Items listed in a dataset
= Beginning of Section =
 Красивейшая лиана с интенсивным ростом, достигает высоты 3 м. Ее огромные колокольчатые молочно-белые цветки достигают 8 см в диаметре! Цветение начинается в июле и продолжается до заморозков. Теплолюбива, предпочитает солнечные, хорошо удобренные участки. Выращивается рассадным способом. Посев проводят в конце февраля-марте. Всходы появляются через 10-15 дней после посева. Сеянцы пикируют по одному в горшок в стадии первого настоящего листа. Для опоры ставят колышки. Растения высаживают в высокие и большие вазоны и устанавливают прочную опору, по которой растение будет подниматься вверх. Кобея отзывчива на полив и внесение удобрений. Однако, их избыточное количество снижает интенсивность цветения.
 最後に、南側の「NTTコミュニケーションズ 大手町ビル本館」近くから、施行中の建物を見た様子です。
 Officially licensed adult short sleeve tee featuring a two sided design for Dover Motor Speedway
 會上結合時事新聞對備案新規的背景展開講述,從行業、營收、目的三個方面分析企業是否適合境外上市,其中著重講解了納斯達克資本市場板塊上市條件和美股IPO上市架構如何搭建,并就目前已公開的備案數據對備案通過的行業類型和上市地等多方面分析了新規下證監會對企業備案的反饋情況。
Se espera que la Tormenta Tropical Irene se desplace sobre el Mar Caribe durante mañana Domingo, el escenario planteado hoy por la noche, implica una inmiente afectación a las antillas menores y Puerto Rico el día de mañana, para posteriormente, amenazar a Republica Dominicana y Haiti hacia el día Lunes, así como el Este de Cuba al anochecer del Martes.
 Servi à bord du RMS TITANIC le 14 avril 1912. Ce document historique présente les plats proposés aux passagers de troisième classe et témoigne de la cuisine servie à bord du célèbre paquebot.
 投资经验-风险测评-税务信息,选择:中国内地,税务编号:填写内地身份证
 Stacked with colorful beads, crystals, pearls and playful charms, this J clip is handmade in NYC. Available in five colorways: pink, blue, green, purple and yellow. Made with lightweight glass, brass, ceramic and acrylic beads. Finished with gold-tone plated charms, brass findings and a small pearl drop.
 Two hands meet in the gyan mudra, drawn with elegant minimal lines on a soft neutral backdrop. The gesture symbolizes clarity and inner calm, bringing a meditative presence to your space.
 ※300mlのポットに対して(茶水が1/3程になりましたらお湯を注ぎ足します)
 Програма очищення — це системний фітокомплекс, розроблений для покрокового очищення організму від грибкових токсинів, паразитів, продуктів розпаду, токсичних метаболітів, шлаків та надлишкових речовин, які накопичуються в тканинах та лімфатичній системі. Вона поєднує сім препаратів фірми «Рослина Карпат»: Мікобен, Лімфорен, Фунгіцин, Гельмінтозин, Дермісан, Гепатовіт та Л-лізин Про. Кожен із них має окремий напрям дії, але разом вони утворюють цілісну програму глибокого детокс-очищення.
= End of Section =
WHAT TO PRODUCE = Restating all of the data exactly is the whole task.

RESULT FOR THIS EXERCISE =
 Красивейшая лиана с интенсивным ростом, достигает высоты 3 м. Ее огромные колокольчатые молочно-белые цветки достигают 8 см в диаметре! Цветение начинается в июле и продолжается до заморозков. Теплолюбива, предпочитает солнечные, хорошо удобренные участки. Выращивается рассадным способом. Посев проводят в конце февраля-марте. Всходы появляются через 10-15 дней после посева. Сеянцы пикируют по одному в горшок в стадии первого настоящего листа. Для опоры ставят колышки. Растения высаживают в высокие и большие вазоны и устанавливают прочную опору, по которой растение будет подниматься вверх. Кобея отзывчива на полив и внесение удобрений. Однако, их избыточное количество снижает интенсивность цветения.
 最後に、南側の「NTTコミュニケーションズ 大手町ビル本館」近くから、施行中の建物を見た様子です。
 Officially licensed adult short sleeve tee featuring a two sided design for Dover Motor Speedway
 會上結合時事新聞對備案新規的背景展開講述,從行業、營收、目的三個方面分析企業是否適合境外上市,其中著重講解了納斯達克資本市場板塊上市條件和美股IPO上市架構如何搭建,并就目前已公開的備案數據對備案通過的行業類型和上市地等多方面分析了新規下證監會對企業備案的反饋情況。
Se espera que la Tormenta Tropical Irene se desplace sobre el Mar Caribe durante mañana Domingo, el escenario planteado hoy por la noche, implica una inmiente afectación a las antillas menores y Puerto Rico el día de mañana, para posteriormente, amenazar a Republica Dominicana y Haiti hacia el día Lunes, así como el Este de Cuba al anochecer del Martes.
 Servi à bord du RMS TITANIC le 14 avril 1912. Ce document historique présente les plats proposés aux passagers de troisième classe et témoigne de la cuisine servie à bord du célèbre paquebot.
 投资经验-风险测评-税务信息,选择:中国内地,税务编号:填写内地身份证
 Stacked with colorful beads, crystals, pearls and playful charms, this J clip is handmade in NYC. Available in five colorways: pink, blue, green, purple and yellow. Made with lightweight glass, brass, ceramic and acrylic beads. Finished with gold-tone plated charms, brass findings and a small pearl drop.
 Two hands meet in the gyan mudra, drawn with elegant minimal lines on a soft neutral backdrop. The gesture symbolizes clarity and inner calm, bringing a meditative presence to your space.
 ※300mlのポットに対して(茶水が1/3程になりましたらお湯を注ぎ足します)
 Програма очищення — це системний фітокомплекс, розроблений для покрокового очищення організму від грибкових токсинів, паразитів, продуктів розпаду, токсичних метаболітів, шлаків та надлишкових речовин, які накопичуються в тканинах та лімфатичній системі. Вона поєднує сім препаратів фірми «Рослина Карпат»: Мікобен, Лімфорен, Фунгіцин, Гельмінтозин, Дермісан, Гепатовіт та Л-лізин Про. Кожен із них має окремий напрям дії, але разом вони утворюють цілісну програму глибокого детокс-очищення.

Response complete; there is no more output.